A découvrir, toujours dans le cadre du festival d’Automne à Paris, El Otro du metteur en scène chilien Luis Guenel, à l’Espace Cardin, du 29 novembre au 9 décembre. Le spectacle s’inspire du livre de la photographe Paz Errázuriz et de l’auteure Damiela Eltit, L’Infarctus de l’âme, qui témoigne de ce qu’il advient de l’amour dans un hôpital psychiatrique. Avec sa troupe, le Teatro Nino Proletario, Luis Guenel a conçu un spectacle où les séquences se succèdent avec peu de mots mais avec une puissance visuelle rare. Pour lui, “ceux qui sont présents sur scène, ce sont justement ceux qui sont différents, ceux qui s’aiment, ceux qui veillent les uns sur les autres, ceux qui s’embrassent… L’amour comme utopie.
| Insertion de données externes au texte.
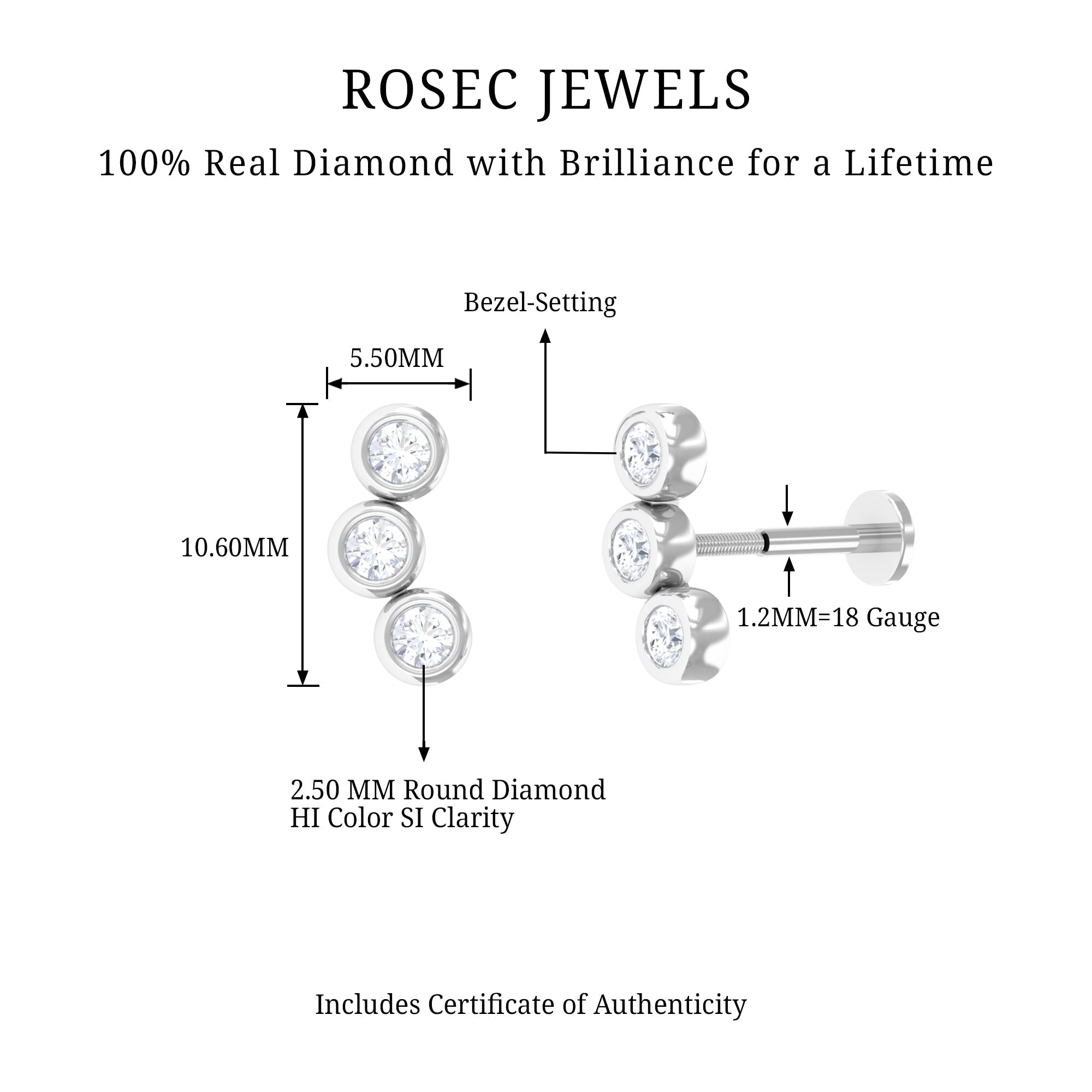 Enhance your ear-piercing jewelry collection with this timeless Diamond Curved Earring. Adorned with three certified round cut diamonds, each stone is beautifully secured in a sophisticated bezel setting. You can wear this Three Diamond Earring on its own or layer it with your other cherished jewelry pieces. It can be styled on your Helix, Cartilage, or Upper Lobe Piercing. Ideal for daily wear, this diamond Three Stone Earring demonstrates that a little sparkle can make a significant impact. This Curved Helix Earring makes a wonderful gift for any special occasion, such as a birthday, anniversary, graduation, or for bridesmaids. Representing timeless elegance, this Bezel Diamond Earring adds a luxurious touch to your outfit and features a secure flat back closure. With its classic charm and understated luxury, this earring embodies a flair for celebrating an exotic style statement. Combining exquisite craftsmanship with a hint of glamor, it serves as a striking accessory. With its modern yet elegant appearance, it carries a traditional style that reflects the continuum of time, symbolizing your past, present, and future.

Voilà pourquoi l’amour est dangereux pour le pouvoir : il réunit, il émeut, il est improductif. Et à cette époque, en 2012, alors que nous nous demandions où se logeait l’amour dans notre pays, nous l’avons trouvé à la marge de la société, littéralement enfermée dans un hôpital psychiatrique.”
A La Villette, deux immenses artistes sont réunis pour présenter dans le même espace une double installation. Celle, monumentale, Nowhere and Everywhere at the Same Time n°2, du chorégraphe William Forsythe et Test pattern du musicien et plasticien Ryoji Ikeda (du 1er au 31 décembre, Festival d’Automne à Paris). Ils avaient déjà collaboré en 2006 lors de l’installation Antipodes I/II de William Forsythe. La nouvelle proposition du chorégraphe s’inscrit dans la série de ses Choreographic Objects et fut créée dans un bâtiment abandonné de New York. Cette fois-ci, il invite le public à déambuler au milieu de centaines de pendules en mouvement permanent. Avec l’installation audio-visuelle Test pattern, Ryoji Ikeda propose un système capable de transformer n’importe quelle donnée – texte, photo, film ou son – en code-barres et plonge le visiteur dans un environnement hertzien qui se modifie sans cesse.
Jouer partout est un temps fort dédié à la jeunesse proposé par le Théâtre Dijon Bourgogne du 4 au 8 décembre. Il se compose de six spectacles présentés dans six lieux différents, dont trois lycées, et deux rencontres professionnelles. C’est de cette façon que Benoît Lambert, directeur du théâtre, fête les 70 ans de décentralisation culturelle : “Si la décentralisation est bien géographique, sociale et générationnelle, Jouer Partout, c’est amener le théâtre – les artistes, les auteurs, les poètes – à la rencontre de la jeunesse, là où elle vit, pour voir ce qu’elle fabrique et lui transmettre, peut-être, quelques outils. »
Au programme : Letzlove – Portraits(s) Foucault, texte de Michel Foucault et Thierry Voeltzel, adaptation et mise en scène Pierre Maillet, #Vérité, de Yann Métivier et Benjamin Villemagne, Inoxydables, une création du TDB de Julie Ménard et Maëlle Poesy, La Devise, de François Bégaudeau et Benoît Lambert, Qu’est-ce que le théâtre ?, de Hervé Blutsch et Benoît Lambert et Bienvenue dans l’espèce humaine, de Benoît Lambert.